- Born: March 11, 1968 (age 58) Xanthi, Greece
- Education: School of Pharmacy of Gazi University
- Occupations: Politician, pharmacist
- Political party: Coalition of the Radical Left (SYRIZA)

= Chousein Zeimpek =

Greek politician, pharmacist

Chousein Chasan Zeimpek (Χουσεΐν Χασάν Ζεϊμπέκ, Hüseyin Zeybek; born on March 11, 1968, in Xanthi) is a Greek politician from the Muslim minority of Western Thrace in northeastern Greece.
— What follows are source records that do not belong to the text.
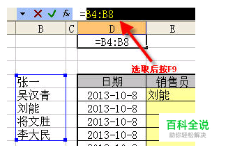 技巧1 怎么快速把单元格的内容用逗号连接起来。例如把上图中的B4:B8区域的销售员用逗号连接起来。 步骤1:任选一个单元格,输入公式=B4:B8,然后在编辑栏中选取公式部分,如下图所示。 步骤2 再按F9把公式转换成值 ={"张一";"吴汉青";"刘能";"将文胜";"李大民"} 对这个字符串删除掉前面 “ ={" ” 和后面的 “ "} ” 再把 “ ";" 通过替换功能替换“,”(逗号)即可.
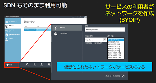 利用者は、自分が使いたいIPアドレス体系をそのままクラウド事業者が運営しているデータセンター上に構築できるため、BYODならぬBYOIP(Bring Your Own IP)が可能となるわけだ。まさに、サービスのための新しいネットワーク像が浮かび上がってくる。
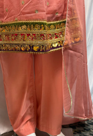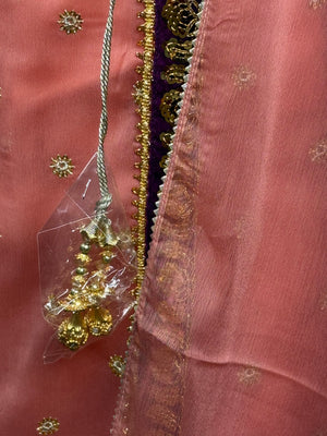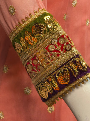 Looking for a show-stopping party suit? Then check out Nadia K from Areeba's Couture. This 3-piece suit is made from chiffon shirt, Sutton fabric Trouser and Chiffon dupatta and is adorned with beautiful embroidery and Golden thread work work. It's the perfect party wear for making a grand entrance and turning heads. So don't hesitate, add this party suit to your cart and get ready to be the life of the party.
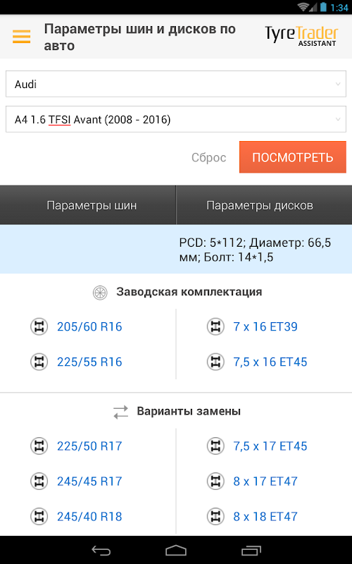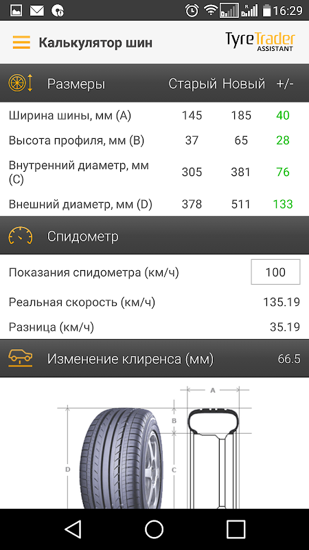 - Calculateur de pneus vous permet de choisir la taille de pneus lors du passage à un diamètre différent, ou d'évaluer les différences dans les paramètres géométriques de la roue au cours de la transition vers une taille standard différente

He has been elected to the Greek Parliament for Coalition of the Radical Left (SYRIZA) in May 2012, and was re-elected in June 2012, January and September 2015. He was nominated by SYRIZA in the 2009 parliamentary elections in the Xanthi Prefecture, and was a candidate for the post of deputy regional governor in the local government elections of 2010. He is vice-president of the association of Pharmacists of Xanthi, and has served as president of the school board of the 1st Minority Primary School in Xanthi.

Zeimpek was one of ten SYRIZA MPs who left the party to form New Left in 2023, but departed the new party with seven others in 2026.

Ηe is a graduate of the School of Pharmacy of the Gazi University in Ankara, and since 2003 he works as a pharmacist in Xanthi.